Formato: Online Artículo Texto
Lenguaje:English
Publicado: BioMed Central 2015
Materias:
Acceso en línea:https://www.ncbi.nlm.nih.gov/pmc/articles/PMC4584130/
https://www.ncbi.nlm.nih.gov/pubmed/26410822
http://dx.doi.org/10.1186/s13075-015-0780-5
Descripción
Sumario:INTRODUCTION: Bone marrow lesions (BMLs) are features detected on MRI that are important in the pathogenesis of knee osteoarthritis. Since BMLs reflect heterogeneous pathologies this prospective cohort study examined whether BMLs detected using different MRI sequences are associated with distinct structural and clinical endpoints.

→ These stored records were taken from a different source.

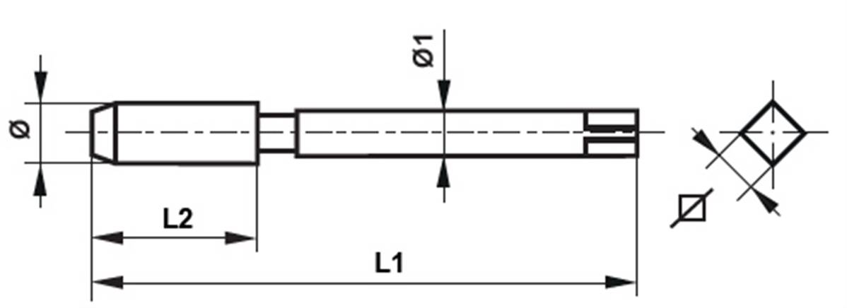 Taraud machine HSS-E(VAPO) Co5% filetage métrique ISO DIN 13 Forme B entrée GUN DIN371 M 3mm x 0.50mm Tol. ISO2/6H L1: 56mm L2: 11mm Ø1: 3.5mm Carré: 2.7mm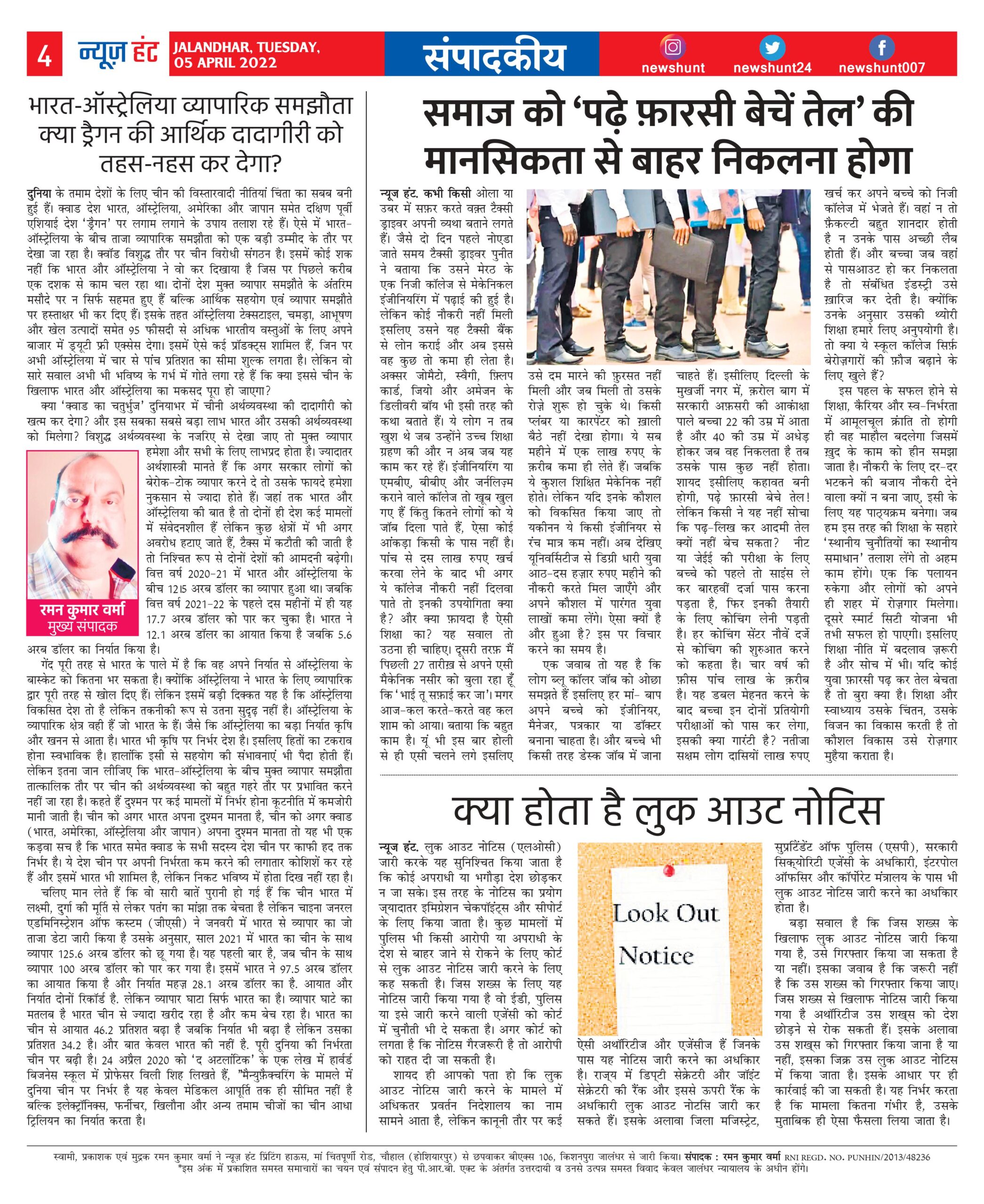 HomeE-Paper E-PaperNationalPunjab News Hunt Daily Evening E-Paper By newshunt April 5, 2022 0 217 FacebookTwitterPinterestWhatsAppTelegramCopy URL 5 April 2022 Page 4 #news #breakingnews #epaper #Newshunt #latestnews #LatestUpdate Share FacebookTwitterPinterestWhatsAppTelegramCopy URL Previous articleडा. अर्चना शर्मा सुसाईड केस खन्ना ने मामला उठाया मानवाधिकार आयोग के समक्ष दोषियों के विरुध कारवाई तथा पीडि़त परिवार को 10 लाख मुआवजे की मांगNext articleNews Hunt Daily Evening E-Paper newshunthttp://newshunt.info Related Articles E-Paper News Hunt Daily Evening E-paper 13-12-2025 Page 1 E-Paper News Hunt Daily Evening E-paper 13-12-2025 Page 2 E-Paper News Hunt Daily Evening E-paper 13-12-2025 Page 3 LEAVE A REPLY Cancel reply Comment: Please enter your comment! Name:* Please enter your name here Email:* You have entered an incorrect email address! Please enter your email address here Website: Save my name, email, and website in this browser for the next time I comment. Stay Connected0FansLike3,912FollowersFollow22,800SubscribersSubscribe - Advertisement - Latest Articles E-Paper News Hunt Daily Evening E-paper 13-12-2025 Page 1 E-Paper News Hunt Daily Evening E-paper 13-12-2025 Page 2 E-Paper News Hunt Daily Evening E-paper 13-12-2025 Page 3 E-Paper News Hunt Daily Evening E-paper 13-12-2025 Page 4 E-Paper News Hunt Daily Evening E-paper 13-12-2025 Page 5 Load more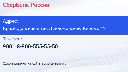 СберБанк России по адресу Краснодарский край, Дивноморское, Кирова, 19 в дальнейшем Организация, размещена в следующих категориях: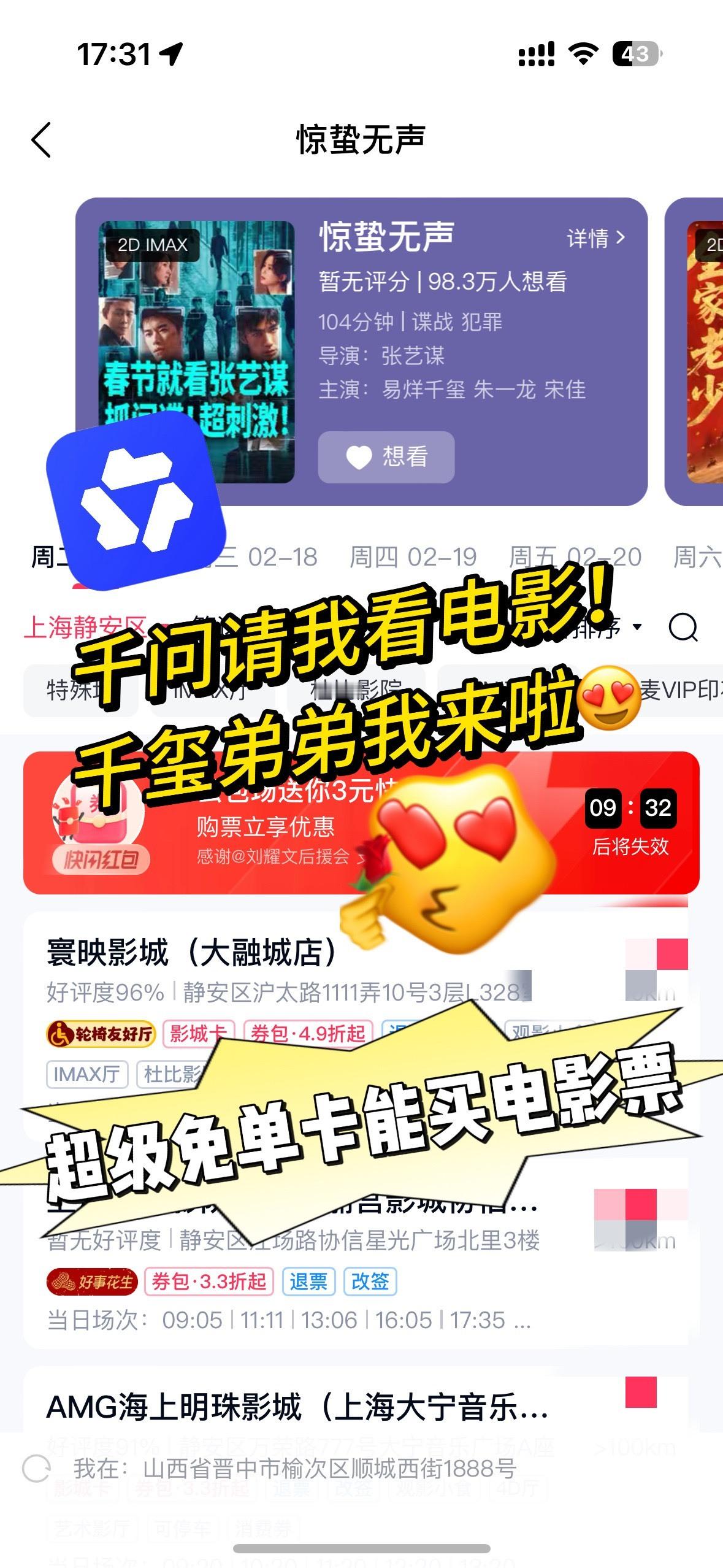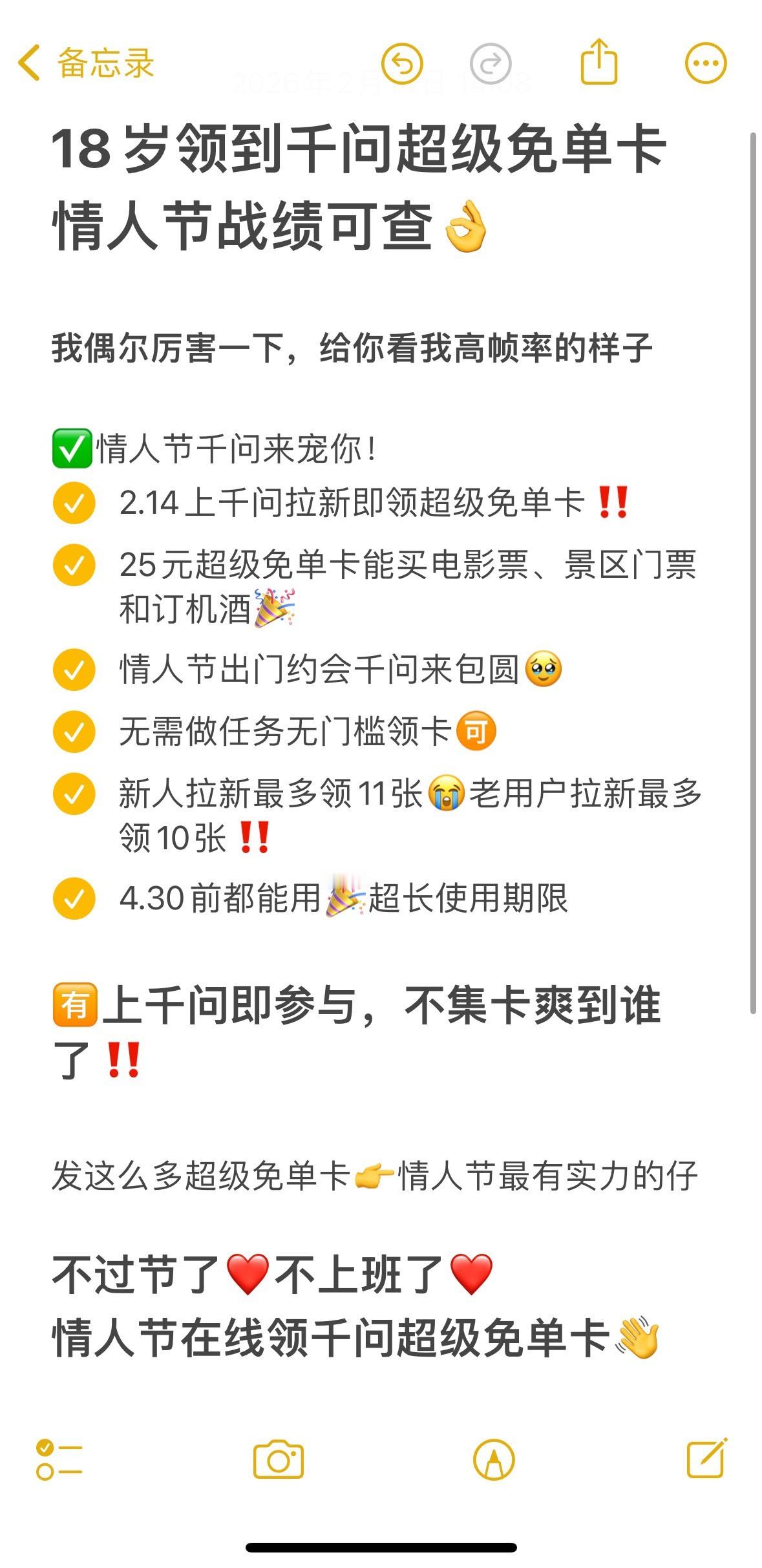 情人节发现男朋友联系高中女同学 为了千问超级免单卡,我连前任都喊来帮忙了!🤣 本来还尴尬,结果前任秒回:“就这?我帮你拉我现任一起!”每邀1个新用户得1张,最多可再领10张,一直可以用到4月30号!别说前任,仇人只要能帮我薅卡,我都能说一句“谢谢老铁”!千问超级免单卡能买年货能买票用免单卡买了电影票,别问情人节怎么过,问就是“用千问的卡,把快乐安排得明明白白”。千问超级免单卡再加3天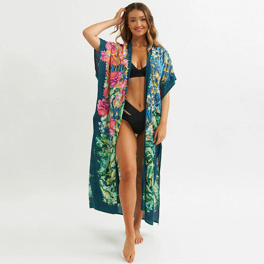 Polyester green printed beach blouse sexy cardigan loose sun protection bikini blouse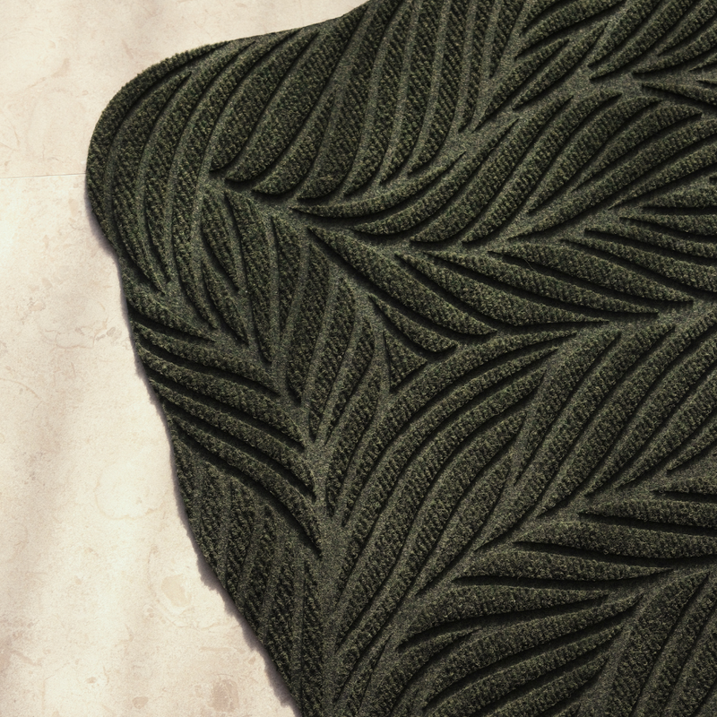 The Twine Floor Mat in Green is a contemporary take on a traditional favorite with a uniquely shaped border that makes the design appear to twist and dance. This new and natural green color is remisicient of the forest floor, with its tangled roots and knots.
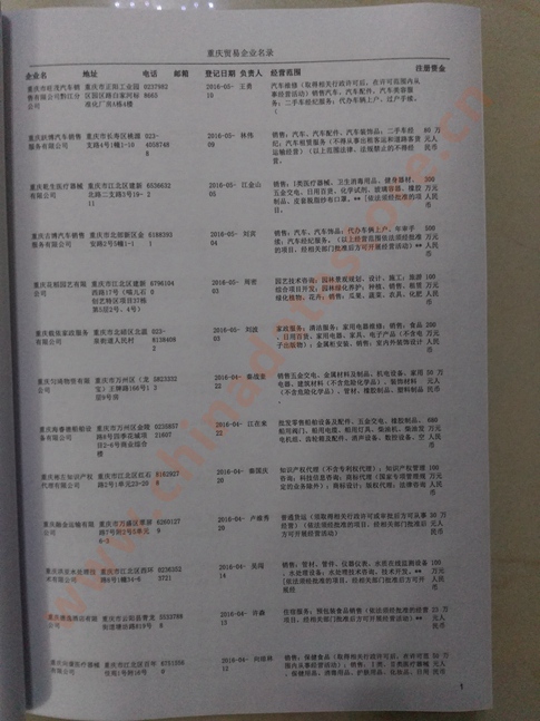 2021版最新重慶企業(yè)黃頁包括《重慶制造企業(yè)黃頁》、《重慶民營(yíng)企業(yè)黃頁》,現(xiàn)優(yōu)惠價(jià):280元/冊(cè)。每?jī)?cè)內(nèi)容包括:?jiǎn)挝幻Q、地址、郵編、電話、傳真、郵箱、經(jīng)營(yíng)范圍等;重慶企業(yè)黃頁涵蓋了近幾年來最新成立的、有一定規(guī)模的企業(yè),具有非常高的營(yíng)銷價(jià)值。有了這套黃頁開展業(yè)務(wù)也有了針對(duì)性,也省去了盲目去尋找客戶名單而浪費(fèi)的時(shí)間了,工作效率也會(huì)有很大的提高。歡迎需要重慶企業(yè)黃頁的朋友及時(shí)聯(lián)系我們!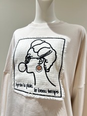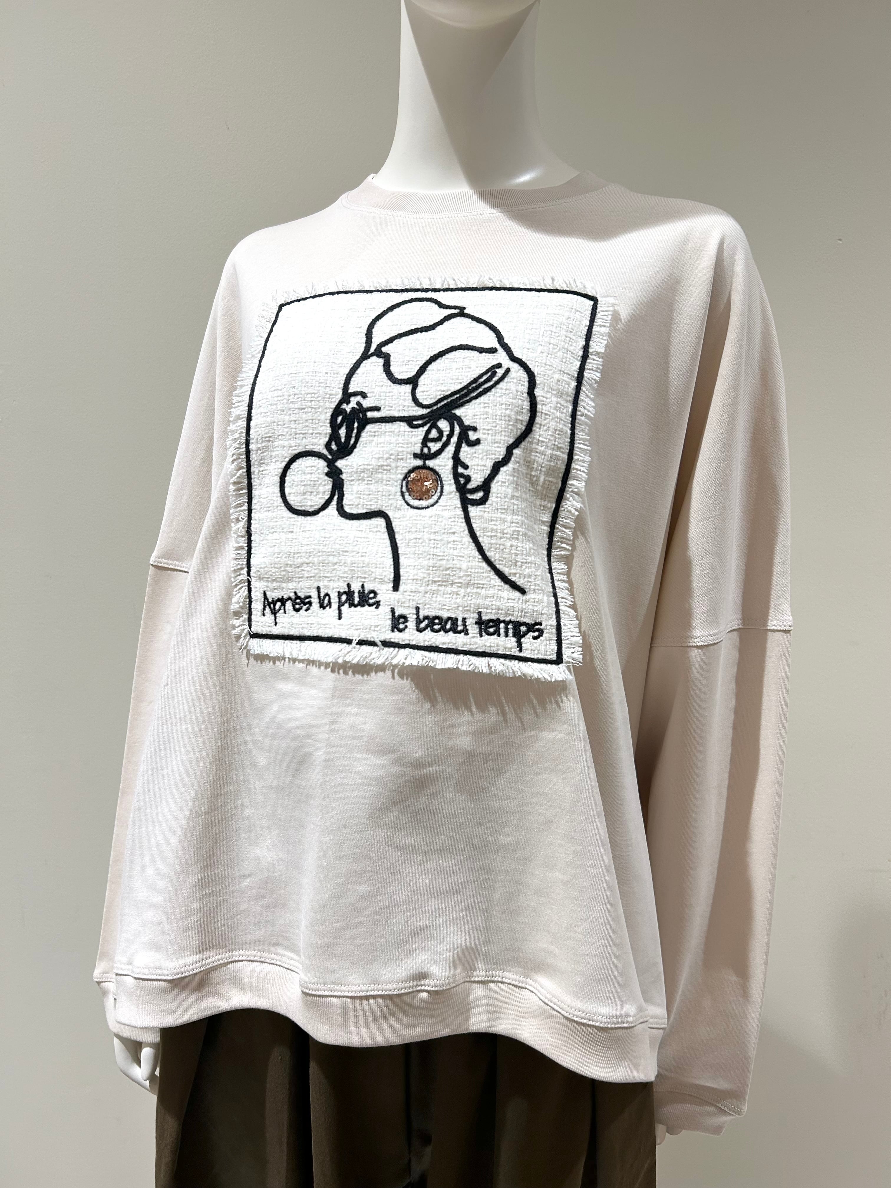 スパンコール・刺繍・ツイードパッチデザインが目をひくロングカットソー。

METHODS: A total of 297 community-based adults without knee pain were examined to identify BMLs visualised using three-dimensional T1-weighted gradient-echo fat-suppressed (T1-weighted sequences) fat-suppressed and fat-saturated FSE T2-weighted MRI sequences (T2-weighted sequences) at baseline. Cartilage volume was measured at baseline and follow-up, while incident knee pain was assessed at follow-up, an average of 2.3 years later. RESULTS: At baseline, 46 BMLs were visualised in 39 participants. Of the 45 BMLs visualised on T2-weighted sequences, 34 (74 %) were also seen on T1-weighted sequences. One BML was seen on only T1-weighted sequences. Knees with BMLs visualised on both T1- and T2-weighted sequences had significantly higher medial tibial cartilage volume loss (45 mm(3)/annum, standard error of the mean (SEM) 14) than those with BMLs identified on only T2-weighted sequences (−13 mm(3)/annum SEM 19), after adjustment for age, gender and body mass index (p = 0.01). Incident knee pain was more likely in individuals with BMLs in the medial compartment visualised on both T1- and T2-weighted (eight participants, 53 %) compared to those with BMLs on only T2-weighted sequences (0 %) or no BMLs (76 participants, 31 %, p = 0.02). CONCLUSIONS: BMLs present on both T1- and T2-weighted MRI sequences were associated with increased medial tibial cartilage loss and incident knee pain compared with those BMLs seen only on T2-weighted sequences. This suggests that combining different MRI sequences may provide more informative targets in the prevention and treatment of knee osteoarthritis.